[Opening Task material section]

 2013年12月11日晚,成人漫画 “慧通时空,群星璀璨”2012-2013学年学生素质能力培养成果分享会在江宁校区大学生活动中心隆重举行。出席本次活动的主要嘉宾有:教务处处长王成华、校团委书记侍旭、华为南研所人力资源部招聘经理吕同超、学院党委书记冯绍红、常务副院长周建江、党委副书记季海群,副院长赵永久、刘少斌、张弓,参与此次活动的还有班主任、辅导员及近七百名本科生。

[Closing Task material section]
[Opening Task material section]

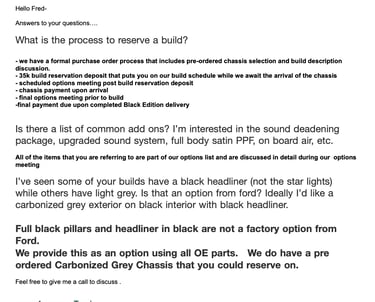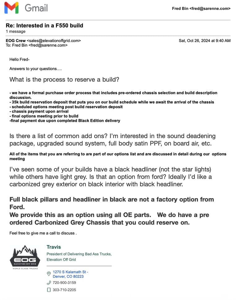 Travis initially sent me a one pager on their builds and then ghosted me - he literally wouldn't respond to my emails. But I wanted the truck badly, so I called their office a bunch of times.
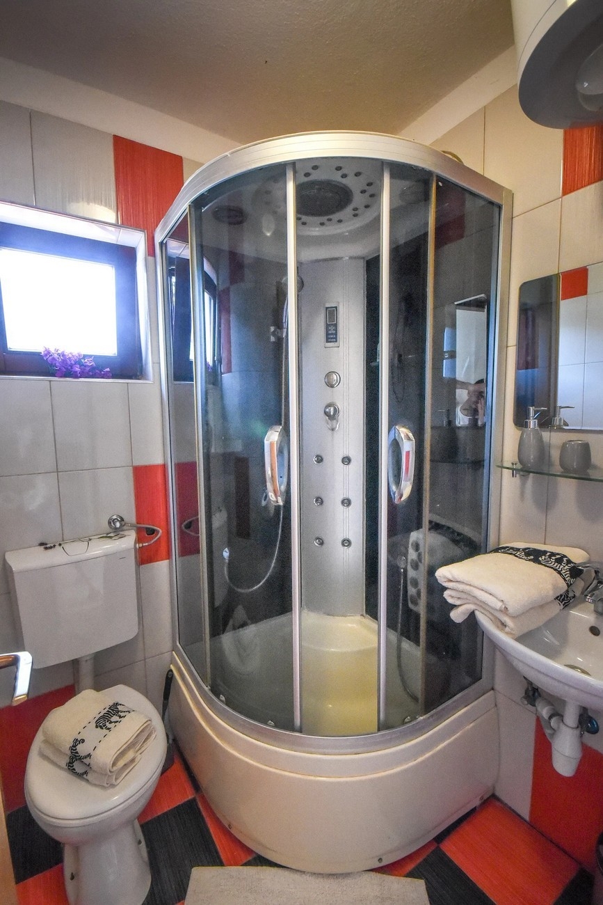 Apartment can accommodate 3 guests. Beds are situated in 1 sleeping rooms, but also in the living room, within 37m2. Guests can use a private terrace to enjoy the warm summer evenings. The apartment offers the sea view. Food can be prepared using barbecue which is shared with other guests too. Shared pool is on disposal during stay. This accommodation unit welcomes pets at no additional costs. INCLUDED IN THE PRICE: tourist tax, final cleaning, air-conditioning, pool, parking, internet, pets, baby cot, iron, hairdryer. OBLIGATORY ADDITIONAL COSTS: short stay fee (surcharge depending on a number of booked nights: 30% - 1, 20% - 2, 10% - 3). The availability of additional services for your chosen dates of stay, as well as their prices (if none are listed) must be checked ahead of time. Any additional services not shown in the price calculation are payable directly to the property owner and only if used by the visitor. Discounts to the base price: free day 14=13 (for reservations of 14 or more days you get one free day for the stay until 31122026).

[Closing Task material section]

Your goal
Starting with the line that contains "Travis initially sent" and finishing with the line that contains "Apartment can accommodate", reproduce every line of the material above exactly, but not the pictures.

Exercise result
 Travis initially sent me a one pager on their builds and then ghosted me - he literally wouldn't respond to my emails. But I wanted the truck badly, so I called their office a bunch of times.
 Apartment can accommodate 3 guests. Beds are situated in 1 sleeping rooms, but also in the living room, within 37m2. Guests can use a private terrace to enjoy the warm summer evenings. The apartment offers the sea view. Food can be prepared using barbecue which is shared with other guests too. Shared pool is on disposal during stay. This accommodation unit welcomes pets at no additional costs. INCLUDED IN THE PRICE: tourist tax, final cleaning, air-conditioning, pool, parking, internet, pets, baby cot, iron, hairdryer. OBLIGATORY ADDITIONAL COSTS: short stay fee (surcharge depending on a number of booked nights: 30% - 1, 20% - 2, 10% - 3). The availability of additional services for your chosen dates of stay, as well as their prices (if none are listed) must be checked ahead of time. Any additional services not shown in the price calculation are payable directly to the property owner and only if used by the visitor. Discounts to the base price: free day 14=13 (for reservations of 14 or more days you get one free day for the stay until 31122026).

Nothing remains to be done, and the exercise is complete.